Similarly, I've also seen many new investors coming into the market at this moment with the intention of investing for the longest term, but because for some reason they've landed in the market in the current situation, they have a "tendency need" to invest right now not bothering about timing the market consistently because a lot of proverbs have been saying that no one has the ability to do so. 

But contrary, some of the decisions I've seen in recent times suggest that these are the same group of people that are not investing consistently based on their own earlier philosophy because they are partly afraid of being caught in the situations of a correction. In other words, these people entered into a position with the intention of holding for a long term but because recent market surge has a potential to earn them a 5% realized gain, they decide to sell first in favor of the gain and redeploy the cash to some other counters, using similar method.

I called this the half-half philosophy because I've been caught in the same position many times, and many more so when I first started investing. The thought of investing for the long term seems pretty cool to many investors out there but when there are unrealized gains staring right in front of your screen, it seems pretty foolish not to be locking in those profits when you can.

To me, this is outright speculation and I've done it many rounds previously and and even now.
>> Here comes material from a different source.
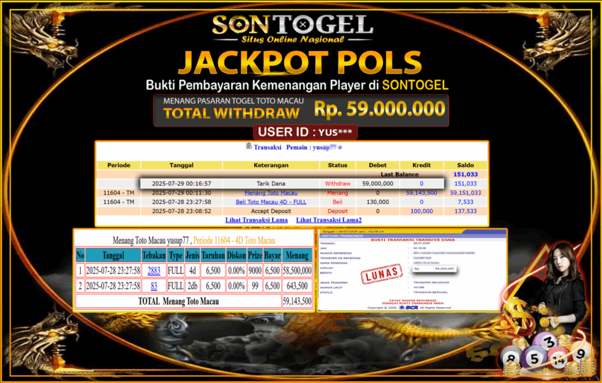 BUKTI JP SONTOGEL – Situs Togel Online, Live Casino dan Slot Online Terpercaya yang terbukti membayar berapapun kemenangan Anda tanpa kekurangan sepeserpun. Jika Anda masih mencari Situs Terpercaya, jangan ragu untuk bermain di SONTOGEL. Dalam 1 akun Anda bisa menikmati semua permainan dengan minimal deposit hanya Rp. 5.000,- saja.
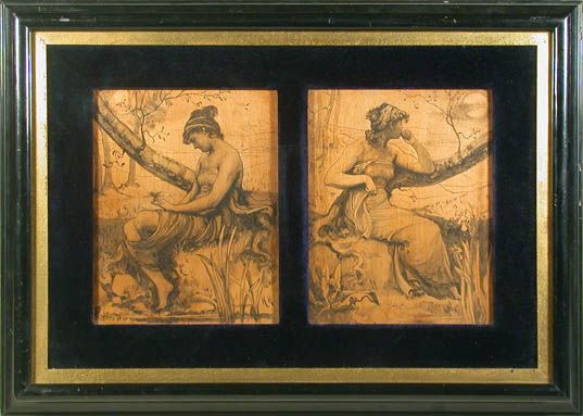 | Doppelarbeit. Auf der linken Seite junge Frau in griechischem Gewand, in Gedanken versunken am Ufer eines Baches sitzend, auf ih | |

Notice just how many times the word price is being mentioned and nothing about the fundamentals of the business or valuation is being mentioned. This strategy is definitely not wrong but just don't confuse them with investing.


Final Thoughts

In one of the books I'm reading right now in the "Intelligent Investor", Benjamin Graham defined the difference between investing and speculating this way:

"An Investment Operation is one in which, upon through fundamental analysis, promises the boundary of where valuations are defined, safety of principal is compromised and an adequate return is projected. Operations not meeting these requirements are speculative in nature."

Most of us are probably grown up to be able to make our own decisions. We can choose to play any strategy or games we like and that is our prerogative rights to do so. But having said that, we should do so with our eyes fully open and knowing the truth of the consequences. That is probably what investing in realities is all about.